Correction: Chen et al. A New Triangulation Algorithm for Positioning Space Debris. Remote Sens. 2021, 13, 4878

The authors would like to make the following corrections to this paper [1]:

In the original article, the variables used in the derivation of the equations in Sections 2.1 and 2.2 are different. For scientific rigor and to ensure the consistency of the variables used in Section 2, the authors wish to rewrite Section 2.2 to:

“According to previous studies, the positioning error of triangulation is not only related to the observation error of EO sensors but also depends on the configuration between the LOS vectors and the baseline of two EO sensors.
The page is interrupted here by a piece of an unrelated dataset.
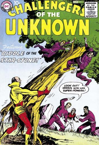 Are there any readers of the Jack Kirby Collector who are not aware of the inking collaborations between The King and the massively talented, but self-destructive illustrator Wally Wood? Unlikely, I know, but just in case you’re a new reader who hasn’t encountered this matchless pairing of talents, let me point you to one of the less appreciated pieces that the duo worked on. For Challengers of the Unknown #5 (Jan. 1959), “The Riddle of the Star-Stone” continued the impeccable work Kirby and Wood had previously essayed in this title with “The Wizard of Time” in the fourth issue of the magazine. While the Challs title is not a superhero book, the cover of this issue might have led unwary readers of the day into making that assumption. It shows a man in a poster-colored red and yellow superhero (or perhaps super-villain) costume tearing up a tree by its roots, and shaking free two of the Challs while the others (including June, the distaff member of the group) crouch nearby. Striking though this cover is, it is perhaps topped by the splash page of the first story [right] which again shows the group at bay—Ace and Rocky are crouching behind a boulder, while heading towards the viewer is a herd of animals running in panic; and the leopard that leaps towards the viewer evokes the cover of 1953’s Adventures In 3-D #1, produced at Harvey Comics alongside Simon & Kirby’s Captain 3-D #1—but who needs 3-D when the impact of a page such as this is created by the best illustrators in the business?
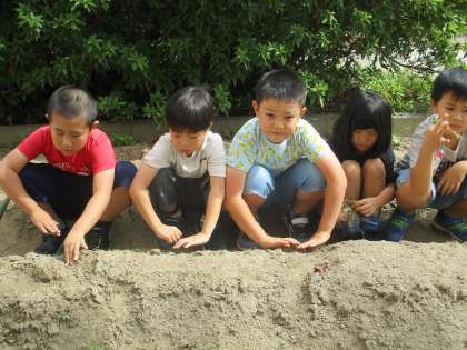 一人3粒ずつ種を受け取り、土に指を第1関節まで入れて穴を作り、3粒入れました。

In order to analyze the RMS position error of the proposed triangulation algorithm, we rewrite Equation (15) as:

$$X_{\mathrm{T}}=K{X}_{\mathrm{M}}+(I-K)X_{\mathrm{N}},$$

(17)

where $K={\mathbf{P}}_{\mathrm{M}}{}^{-1}{({\mathbf{P}}_{\mathrm{M}}{}^{-1}+{\mathbf{P}}_{\mathrm{N}}{}^{-1})}^{-1}$ is a weighting matrix and $I$ is an identity matrix, and then the space debris position error is given by:

$$\overline{\left|\overrightarrow{R}\right|}=\left|K\overline{R_{\mathrm{M}}}\overrightarrow{r_{\mathrm{M}}}+(I-K)\overline{R_{\mathrm{N}}}\overrightarrow{r_{\mathrm{N}}}\right|,$$

(18)

where $R_{\mathrm{M}}$ and $R_{\mathrm{N}}$ are the position errors of points M and N, respectively, and the vectors $\overrightarrow{r_{\mathrm{M}}}$ and $\overrightarrow{r_{\mathrm{N}}}$ are their direction vectors. In order to obtain the expressions of RMS position error, we have to derive the expressions of $R_{\mathrm{M}}$ and $R_{\mathrm{N}}$.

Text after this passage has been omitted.